* _Task item_
Below is a listing. Return the lines from the one that contains "Блок питания ExeGate" to the one that contains "(Disneyland, 1958) Embroidered", both ends included, verbatim and with no pictures.

* _Recorded information_
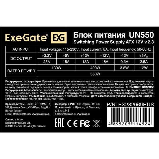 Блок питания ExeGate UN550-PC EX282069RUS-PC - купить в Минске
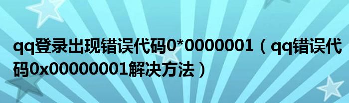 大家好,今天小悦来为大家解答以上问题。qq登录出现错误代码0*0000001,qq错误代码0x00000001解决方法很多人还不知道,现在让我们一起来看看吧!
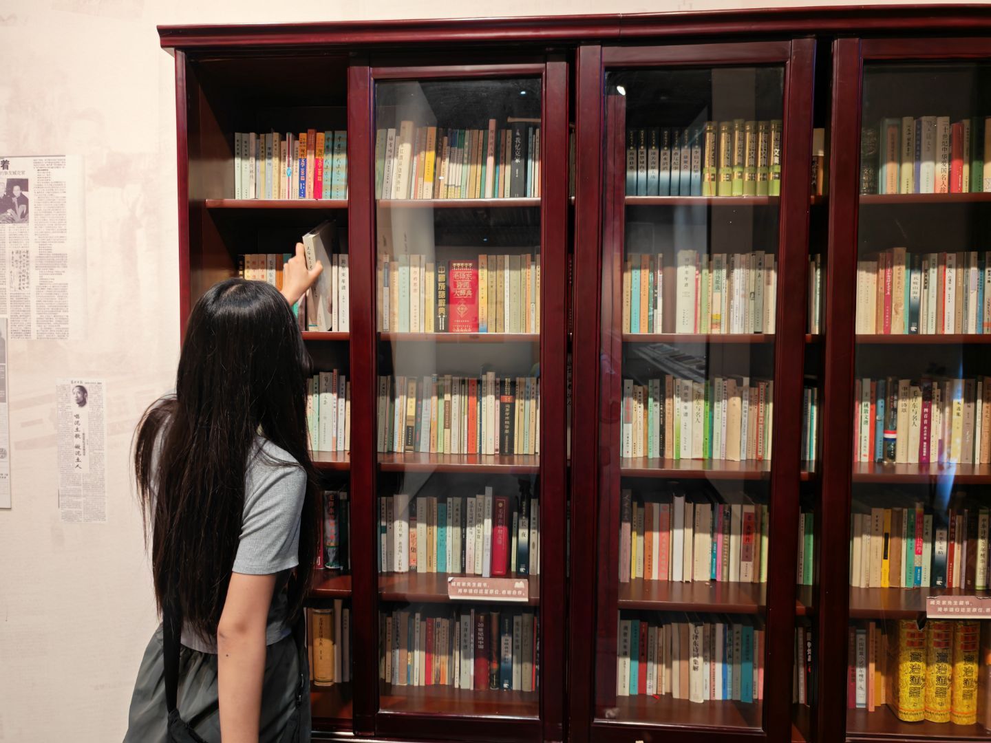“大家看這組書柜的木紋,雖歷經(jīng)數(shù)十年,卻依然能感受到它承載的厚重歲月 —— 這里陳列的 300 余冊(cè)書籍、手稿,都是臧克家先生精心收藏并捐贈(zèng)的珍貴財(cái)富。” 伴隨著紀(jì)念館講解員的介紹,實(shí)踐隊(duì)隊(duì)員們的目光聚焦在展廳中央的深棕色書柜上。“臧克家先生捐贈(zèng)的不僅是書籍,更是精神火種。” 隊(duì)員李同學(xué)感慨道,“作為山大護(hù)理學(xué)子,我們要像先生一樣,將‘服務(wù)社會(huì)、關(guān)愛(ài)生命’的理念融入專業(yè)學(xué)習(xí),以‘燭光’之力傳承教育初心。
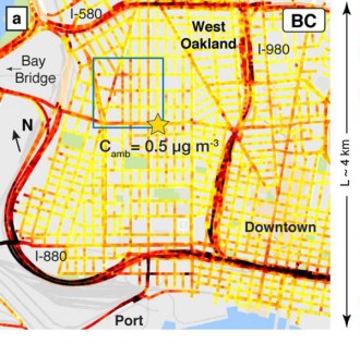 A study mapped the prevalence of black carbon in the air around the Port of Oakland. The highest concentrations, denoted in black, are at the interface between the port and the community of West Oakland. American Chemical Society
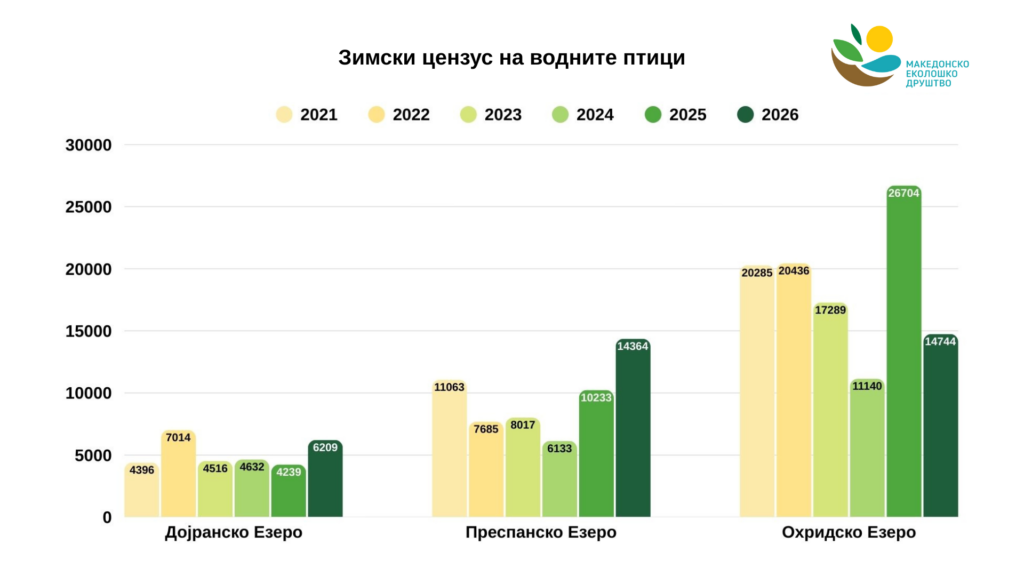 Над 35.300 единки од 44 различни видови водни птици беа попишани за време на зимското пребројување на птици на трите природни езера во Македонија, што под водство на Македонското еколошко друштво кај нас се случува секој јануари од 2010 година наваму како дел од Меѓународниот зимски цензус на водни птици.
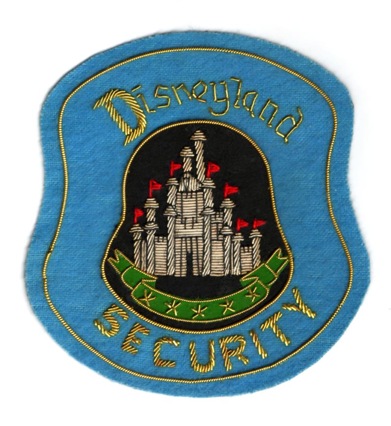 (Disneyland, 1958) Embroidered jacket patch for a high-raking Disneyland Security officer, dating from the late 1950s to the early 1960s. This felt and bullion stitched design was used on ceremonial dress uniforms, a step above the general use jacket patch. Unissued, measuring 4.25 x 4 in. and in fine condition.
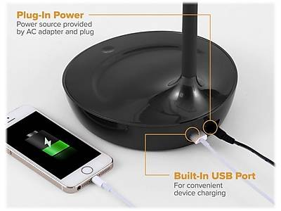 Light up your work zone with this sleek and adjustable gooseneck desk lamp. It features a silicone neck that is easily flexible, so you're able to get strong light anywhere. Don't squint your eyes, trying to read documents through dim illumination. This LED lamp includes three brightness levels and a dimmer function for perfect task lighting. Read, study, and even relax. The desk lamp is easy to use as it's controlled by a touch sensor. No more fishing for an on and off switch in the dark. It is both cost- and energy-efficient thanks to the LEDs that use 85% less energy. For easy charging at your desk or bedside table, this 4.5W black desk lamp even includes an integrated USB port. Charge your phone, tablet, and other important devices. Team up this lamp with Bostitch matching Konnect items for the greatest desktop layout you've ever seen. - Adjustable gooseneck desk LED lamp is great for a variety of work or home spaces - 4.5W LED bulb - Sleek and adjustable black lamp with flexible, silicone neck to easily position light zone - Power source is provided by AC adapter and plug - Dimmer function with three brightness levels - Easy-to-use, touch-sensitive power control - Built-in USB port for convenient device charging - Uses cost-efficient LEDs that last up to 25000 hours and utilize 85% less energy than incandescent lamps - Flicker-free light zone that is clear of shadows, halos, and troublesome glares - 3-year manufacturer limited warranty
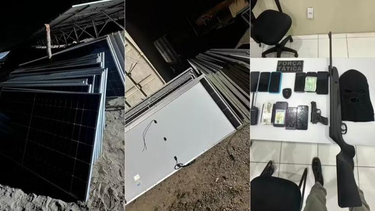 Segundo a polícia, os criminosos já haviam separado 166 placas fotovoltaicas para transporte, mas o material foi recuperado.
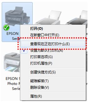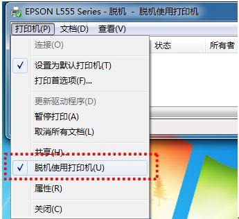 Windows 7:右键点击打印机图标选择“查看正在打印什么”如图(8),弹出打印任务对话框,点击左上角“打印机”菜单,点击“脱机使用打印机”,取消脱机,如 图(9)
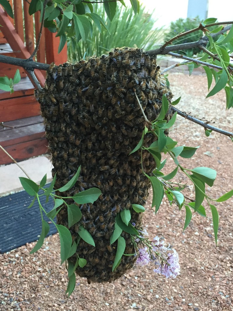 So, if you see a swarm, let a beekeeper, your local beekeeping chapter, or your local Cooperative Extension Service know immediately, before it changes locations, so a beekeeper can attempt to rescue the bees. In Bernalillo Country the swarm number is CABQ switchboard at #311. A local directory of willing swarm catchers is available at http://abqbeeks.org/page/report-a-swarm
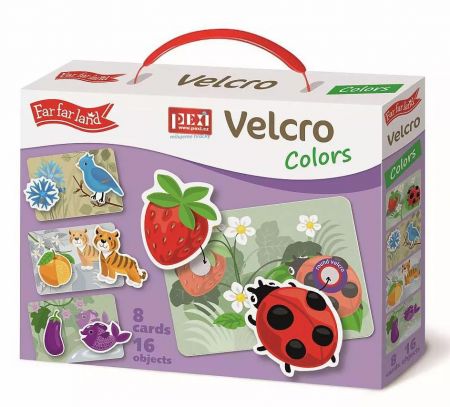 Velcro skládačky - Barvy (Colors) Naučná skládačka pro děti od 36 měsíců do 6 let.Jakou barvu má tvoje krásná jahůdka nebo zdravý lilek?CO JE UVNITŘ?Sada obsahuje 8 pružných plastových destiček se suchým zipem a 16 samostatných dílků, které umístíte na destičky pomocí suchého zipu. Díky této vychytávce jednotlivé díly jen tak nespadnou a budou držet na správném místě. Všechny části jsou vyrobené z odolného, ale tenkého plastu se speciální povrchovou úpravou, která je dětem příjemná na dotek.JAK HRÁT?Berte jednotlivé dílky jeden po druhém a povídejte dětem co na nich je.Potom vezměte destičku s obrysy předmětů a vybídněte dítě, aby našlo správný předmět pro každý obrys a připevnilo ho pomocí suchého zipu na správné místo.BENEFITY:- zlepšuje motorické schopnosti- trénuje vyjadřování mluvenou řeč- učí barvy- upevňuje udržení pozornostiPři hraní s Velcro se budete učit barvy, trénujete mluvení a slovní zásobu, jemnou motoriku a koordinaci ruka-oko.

--

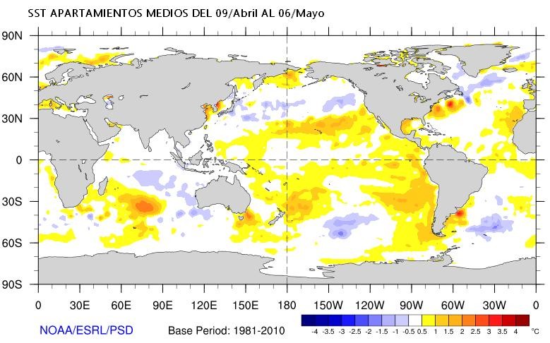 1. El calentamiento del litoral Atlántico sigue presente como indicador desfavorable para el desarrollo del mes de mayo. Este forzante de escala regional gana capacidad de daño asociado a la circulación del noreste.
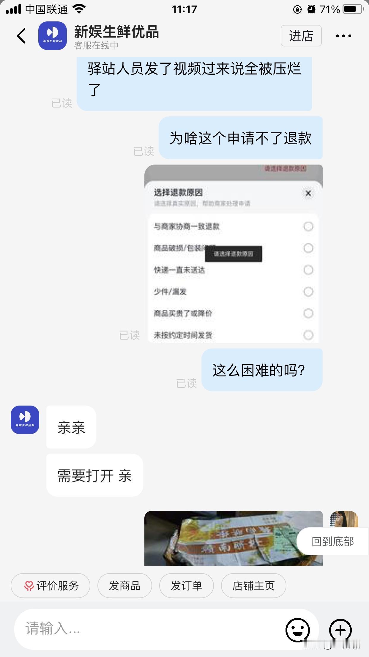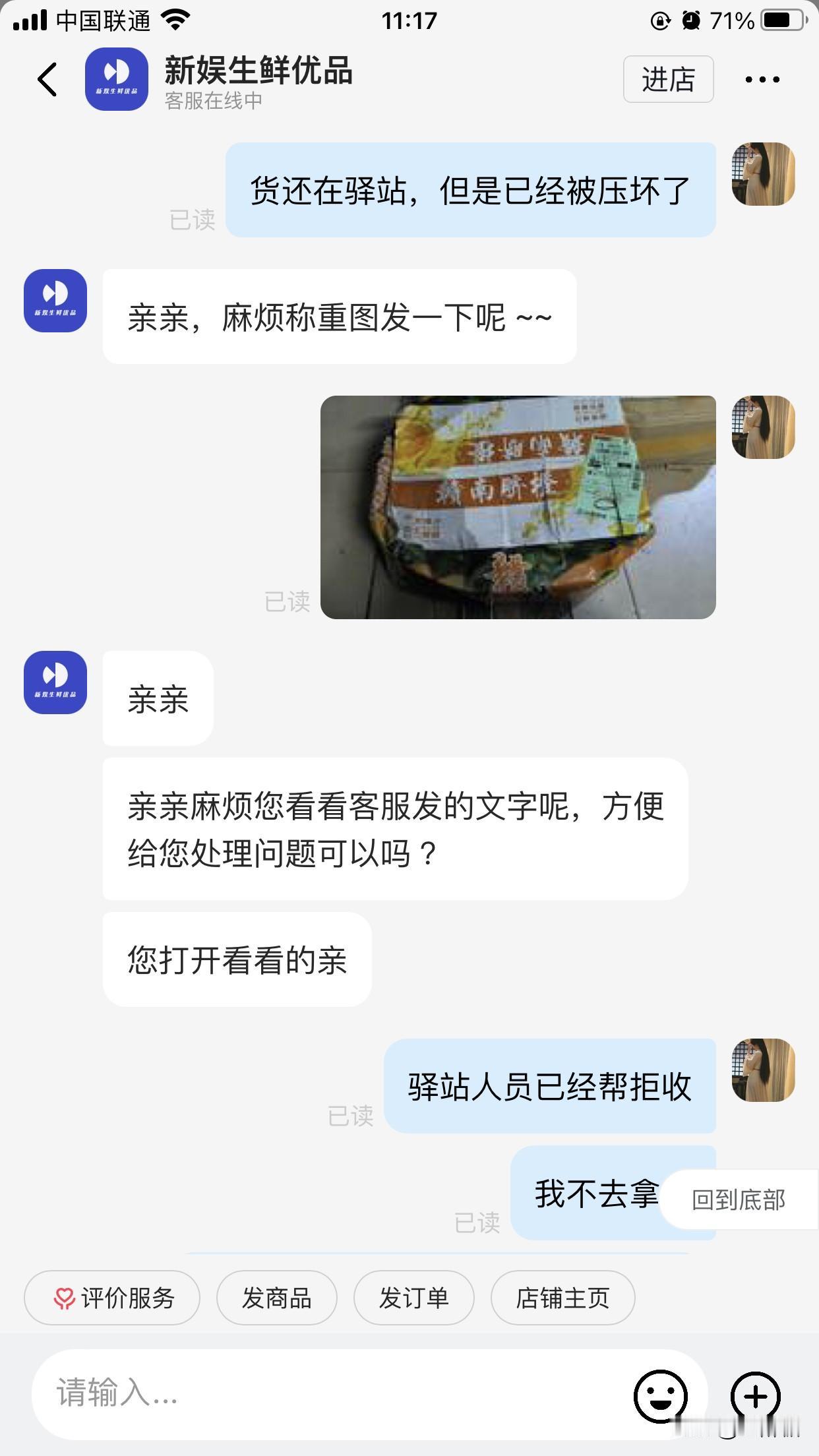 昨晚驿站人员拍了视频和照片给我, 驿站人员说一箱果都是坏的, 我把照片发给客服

* _Completed exercise_
 Блок питания ExeGate UN550-PC EX282069RUS-PC - купить в Минске
 大家好,今天小悦来为大家解答以上问题。qq登录出现错误代码0*0000001,qq错误代码0x00000001解决方法很多人还不知道,现在让我们一起来看看吧!
“大家看這組書柜的木紋,雖歷經(jīng)數(shù)十年,卻依然能感受到它承載的厚重歲月 —— 這里陳列的 300 余冊(cè)書籍、手稿,都是臧克家先生精心收藏并捐贈(zèng)的珍貴財(cái)富。” 伴隨著紀(jì)念館講解員的介紹,實(shí)踐隊(duì)隊(duì)員們的目光聚焦在展廳中央的深棕色書柜上。“臧克家先生捐贈(zèng)的不僅是書籍,更是精神火種。” 隊(duì)員李同學(xué)感慨道,“作為山大護(hù)理學(xué)子,我們要像先生一樣,將‘服務(wù)社會(huì)、關(guān)愛(ài)生命’的理念融入專業(yè)學(xué)習(xí),以‘燭光’之力傳承教育初心。
 A study mapped the prevalence of black carbon in the air around the Port of Oakland. The highest concentrations, denoted in black, are at the interface between the port and the community of West Oakland. American Chemical Society
 Над 35.300 единки од 44 различни видови водни птици беа попишани за време на зимското пребројување на птици на трите природни езера во Македонија, што под водство на Македонското еколошко друштво кај нас се случува секој јануари од 2010 година наваму како дел од Меѓународниот зимски цензус на водни птици.
 (Disneyland, 1958) Embroidered jacket patch for a high-raking Disneyland Security officer, dating from the late 1950s to the early 1960s. This felt and bullion stitched design was used on ceremonial dress uniforms, a step above the general use jacket patch. Unissued, measuring 4.25 x 4 in. and in fine condition.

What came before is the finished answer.